The sham consultation in south-east London against cuts in hospital services ends on 13 December and decisions are due in the new year. Mass opposition has been shown in the community, in particular to threats to close Lewisham hospital’s A&E.

Many health workers now see the need for their unions locally and nationally to develop an even deeper campaign of action, centred around industrial action. The community opposition has scared the health bosses. Strike action, mass protest and resistance are the only language Tory cutters really understand, and would force them to back down.

Hinckley

On 8 December Hinckley, in Leicestershire, had its biggest demonstration in years when over 100 ambulance workers and supporters marched against the local ambulance station’s threatened closure.

Local Unison stewards organised the protest against East Midlands Ambulance Service’s proposals to close the region’s local ambulance stations, cutting the number from 66 to 13. This money-saving exercise would cost lives.

There are many small campaigns on this issue at the moment. These need to be linked up by regionally coordinated action, called by the trade unions, and a national campaign against all attacks on the NHS.

Hinchingbrooke

The chief executive of the first company to take over running an NHS hospital has stepped down. Ali Parsa, CEO of Circle Holdings who took over Hinchingbrooke hospital in Cambridgeshire, took with him a £400,000 pay-off.

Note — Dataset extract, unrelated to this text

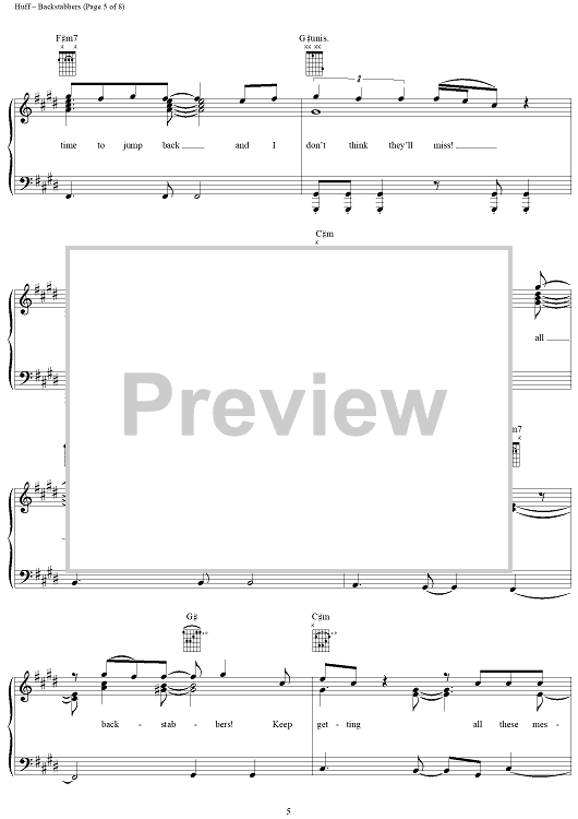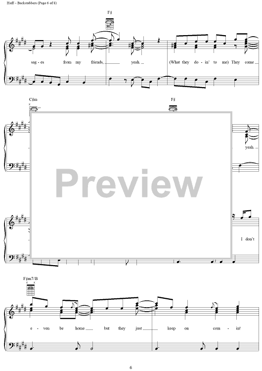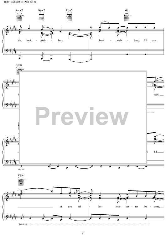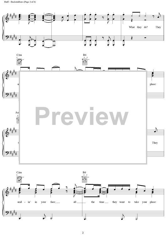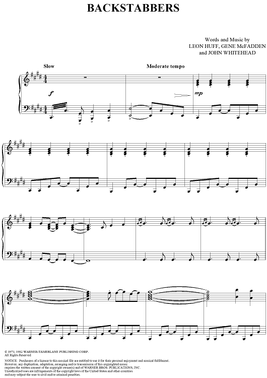 Digital Sheet Music for Backstabbers by Leon Huff, John Whitehead, Gene McFadden, The O'Jays scored for Piano/Vocal/Chords; id:266190

Last month the National Audit Office announced that the hospital was £4 million in debt, twice the ‘target level’. Wasn’t the Con-Dems’ false logic that private ownership would bring stability to NHS finances? No to the privatisation of our NHS!

Welwyn

Patients explained to Socialist Party members what they thought of the plan to downgrade the Queen Elizabeth II hospital services in Welwyn.

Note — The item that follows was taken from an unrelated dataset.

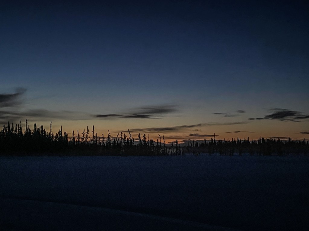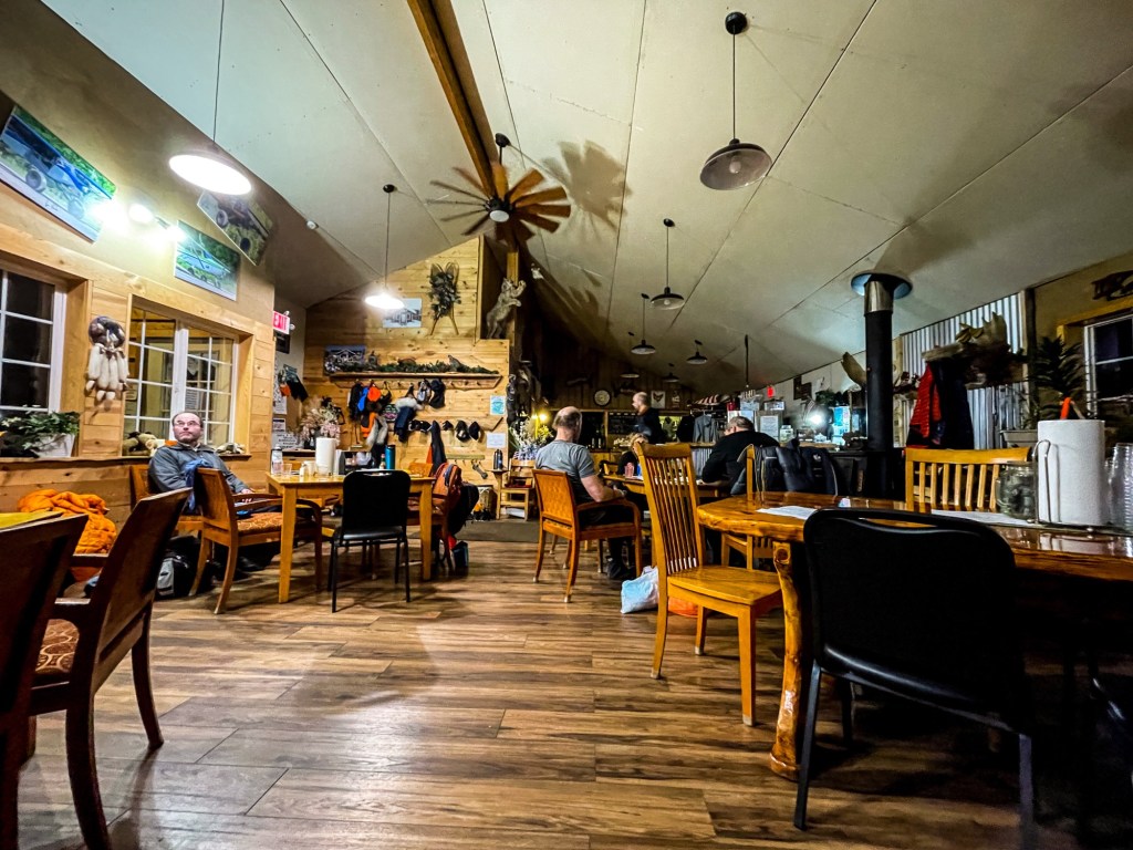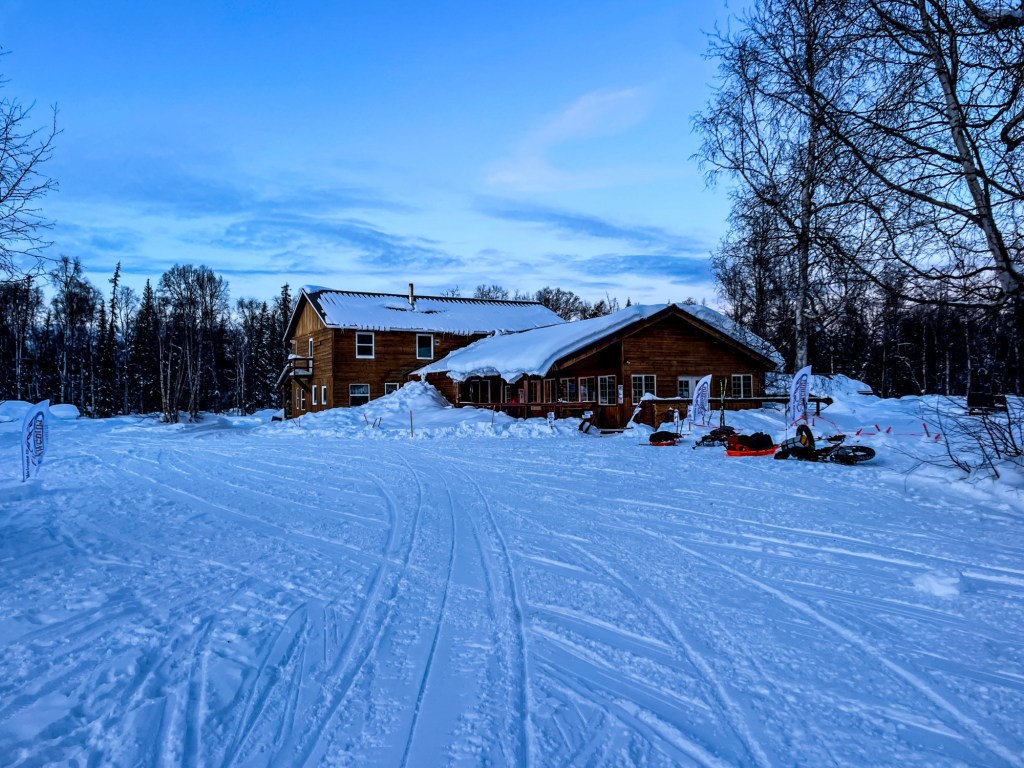 Skwentna was an odd place–a BnB in what felt like the middle of nowhere! It serves a lot of the snowmachine traffic in the area, and also as an Iditarod checkpoint. I got the world’s largest slice of reindeer sausage lasagna, ate until I physically could not take one more nibble. A few others having dinner opted to continue on. Josh departed and came back 10 minutes later, reporting that the winds were starting to pick up and to adjust his layers in a warm space. Head out after dark, in a wind storm? No thanks. I got ready to tuck myself into bed early for another 4am wake-up call.

One woman was angry because her son, who has Down’s Syndrome, was relocated to Lister hospital in Stevenage. An elderly stroke patient at the QEII was sent to Lister as the service at Welwyn was cut. Once there, this patient was discharged immediately with aspirin medication only to be diagnosed with a cerebral haemorrhage weeks later.

Socialists will rally support to defend our NHS. We also aim to stand Trade Unionist and Socialist Coalition (TUSC) candidates, locally in next year’s county council elections to stand up for a real alternative to cuts in vital services.